You can read the resolution in official European Parliament documents here, on page 19.
Labour MEPs Jude Kirton-Darling and David Martin replied to 38 Degrees members saying they opposed giving corporations these extended powers – and would be voting to oppose it. Jude Kirton-Darling added an amendment – amendment 762 – to the resolution. It proposed scrapping ISDS altogether. But that amendment didn’t end up getting into the final agreement. They struck a deal to agree a weaker compromise amendment instead.
If you want to understand why the final compromise agreement isn’t good enough, you need to look at what their original amendment said. It’s below – and it’s clear when you look at it that it takes a much stronger stand against ISDS. It even says that the European Parliament should ‘oppose the inclusion of ISDS in TTIP’.
Paragraph 1 – point d – point xiv:
(xiv) to ensure that foreign investors are treated in a non-discriminatory fashion and have a fair opportunity to seek and achieve redress of grievances, while benefiting from no greater rights than domestic investors; to oppose the inclusion of ISDS in TTIP, as other options to enforce investment protection are available, such as domestic remedies;
But at the last minute, this amendment was taken down.
Labour MEPs, as part of the Socialist and Democratic group in Europe, made a compromise deal with the Liberal and Conservative members on the committee. They agreed a compromise amendment that still allowed a form of ISDS in the deal.

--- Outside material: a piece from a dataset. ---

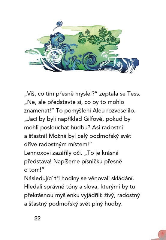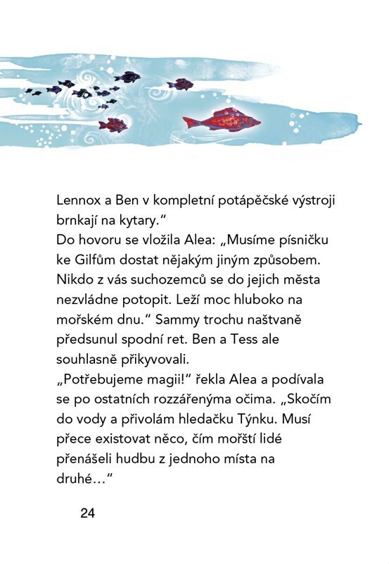 Příběh o Alee, dívce moře, napsaný na míru začínajícím čtenářům! Alfa Cru složili písničku pro podmořský svět. Jak ale zařídit, aby ji uslyšeli Gilfové – magické bytosti, které žijí na dně moře? Hudbu milují a bez ní je jim smutno. Alea a její kamarádi netuší, kde leží jejich město, ani jak pod...

So Jude Kirton Darling and David Martin voted through the resolution, including this compromise amendment. Emma McClarkin, the Conservative MEP for East Midlands, voted in favour of the resolution. And the other Conservative MEP, David Campbell Bannerman, did not show up.
Overall, the result means that the right for corporations to sue the government if our laws dent their profits has not yet been voted out. Even Jude Kirton-Darling – one of the MEPs who voted for the resolution – admits that the outcome was ‘not ideal’ (source).
You can see the final roll call for the votes in the Trade Committee – both on the TTIP resolution as a whole, and the watered-down version of ISDS – on the European Parliament website here. You can see the texts of the resolution here.
You can read MEPs’ reactions to what happened in the vote below:
John Hilary, Executive Director from War on Want, who has written many of the in-depth briefings of exactly what’s at stake with TTIP, posted this response.
It’s not game over. There’s another, bigger, vote on TTIP less than two weeks away – and we’ve got a plan to help us win.
We’ve exposed the MEPs from the UK who aren’t taking a stand. We’ve put their faces across their local newspapers – everywhere their constituents will see. MEPs won’t want to be shown up in front of their voters. We’ve only got a couple of weeks, but together, we can make them scared not to take a stand.
Right now MEPs seem to be scared to take a strong enough stand against the deal. Even MEPs who had pledged to vote the right way caved into pressure, rather than standing up for what they said they believed in – a democracy that puts people before corporate profits.